__EXERCISE DETAILS__. Omitting all images, set down every line below exactly as it appears.
╔══
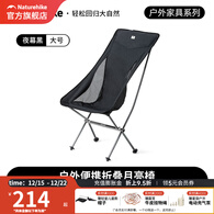 挪客Naturehike超轻户外折叠椅便携钓鱼椅子靠背凳子露营月亮椅 夜幕黑(大号)【加高椅背舒适升级】
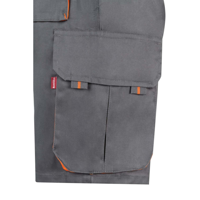Cierre central con cremallera y botón Cintas reflectantes en el bajo de las piernas Color de contraste en fuelles, tiradores, presillas y tejido entre bandas Cinturilla elástica Doble costura de seguridad Seis bolsillos: 2 bolsillos franceses 2 bolsillos de fuelle, con doble fuelle central, tapeta, velcro y tiradores 2 bolsillos traseros de fuelle con tapeta, velcro y tiradores Sarga: 100% algodón / 240 gr/m2 Tejido flúor (amarillo): 80% poliéster - 20% algodón / 210 gr/m2 Tejido flúor (naranja): 60% algodón - 40% poliéster / 240 gr/m2 Composición SARGA. TEJIDO BASE: 100% ALGOD 240 GSM
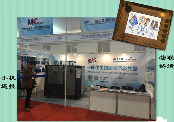 2015年11月30日到12月3日,免檢型一體化生物質蒸汽發生器亮相義烏國際裝備博覽會,和著互聯網+契機,突出智能化成果,我們的參展產品除了自動化程度高、安裝簡單、環保排放等優點,還引入了物聯網概念,借助平臺終端和手機APP程序,可以實現對蒸汽發生器的手機遠程遙控。
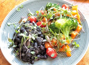 This was lunch on Monday. I had done a big shop of organic bean, seeds, nuts and pulsars at Komati foods down the road. I soaked and cooked up some black beans, to which I added only salt, pepper a dash of olive oil and then fresh chopped onion. I served that warm with a side salad very similar to the salad I mentioned above. The beans were amazing. I had two more helpings after this.
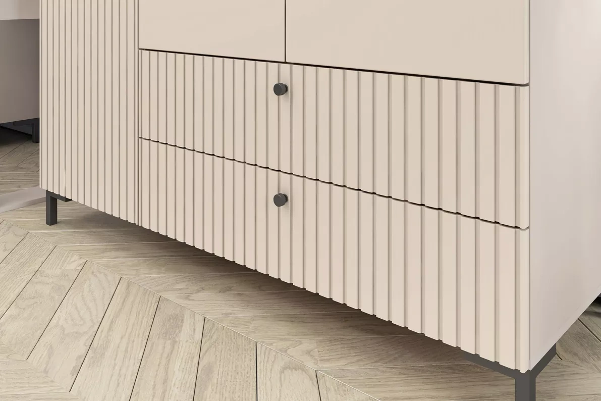 корпуса закромлены кромками ПВХ и ABS. Фасады изготовлены из 19 мм МДФ плиты цвет, укрытой пленкой ПВХ с эффектом Soft Touch.
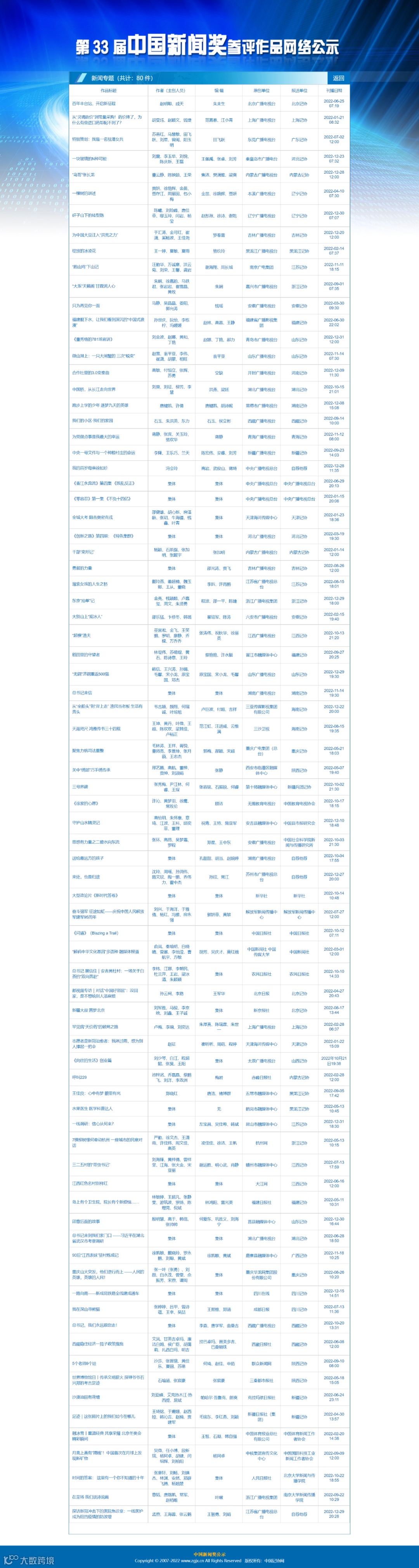评选工作结束后,评奖办公室还将在中国记协网、中国记协微信公众号公示评选结果,接受监督、评议。
╚══
__ANSWER BOX__.
 挪客Naturehike超轻户外折叠椅便携钓鱼椅子靠背凳子露营月亮椅 夜幕黑(大号)【加高椅背舒适升级】
Cierre central con cremallera y botón Cintas reflectantes en el bajo de las piernas Color de contraste en fuelles, tiradores, presillas y tejido entre bandas Cinturilla elástica Doble costura de seguridad Seis bolsillos: 2 bolsillos franceses 2 bolsillos de fuelle, con doble fuelle central, tapeta, velcro y tiradores 2 bolsillos traseros de fuelle con tapeta, velcro y tiradores Sarga: 100% algodón / 240 gr/m2 Tejido flúor (amarillo): 80% poliéster - 20% algodón / 210 gr/m2 Tejido flúor (naranja): 60% algodón - 40% poliéster / 240 gr/m2 Composición SARGA. TEJIDO BASE: 100% ALGOD 240 GSM
 2015年11月30日到12月3日,免檢型一體化生物質蒸汽發生器亮相義烏國際裝備博覽會,和著互聯網+契機,突出智能化成果,我們的參展產品除了自動化程度高、安裝簡單、環保排放等優點,還引入了物聯網概念,借助平臺終端和手機APP程序,可以實現對蒸汽發生器的手機遠程遙控。
 This was lunch on Monday. I had done a big shop of organic bean, seeds, nuts and pulsars at Komati foods down the road. I soaked and cooked up some black beans, to which I added only salt, pepper a dash of olive oil and then fresh chopped onion. I served that warm with a side salad very similar to the salad I mentioned above. The beans were amazing. I had two more helpings after this.
 корпуса закромлены кромками ПВХ и ABS. Фасады изготовлены из 19 мм МДФ плиты цвет, укрытой пленкой ПВХ с эффектом Soft Touch.
评选工作结束后,评奖办公室还将在中国记协网、中国记协微信公众号公示评选结果,接受监督、评议。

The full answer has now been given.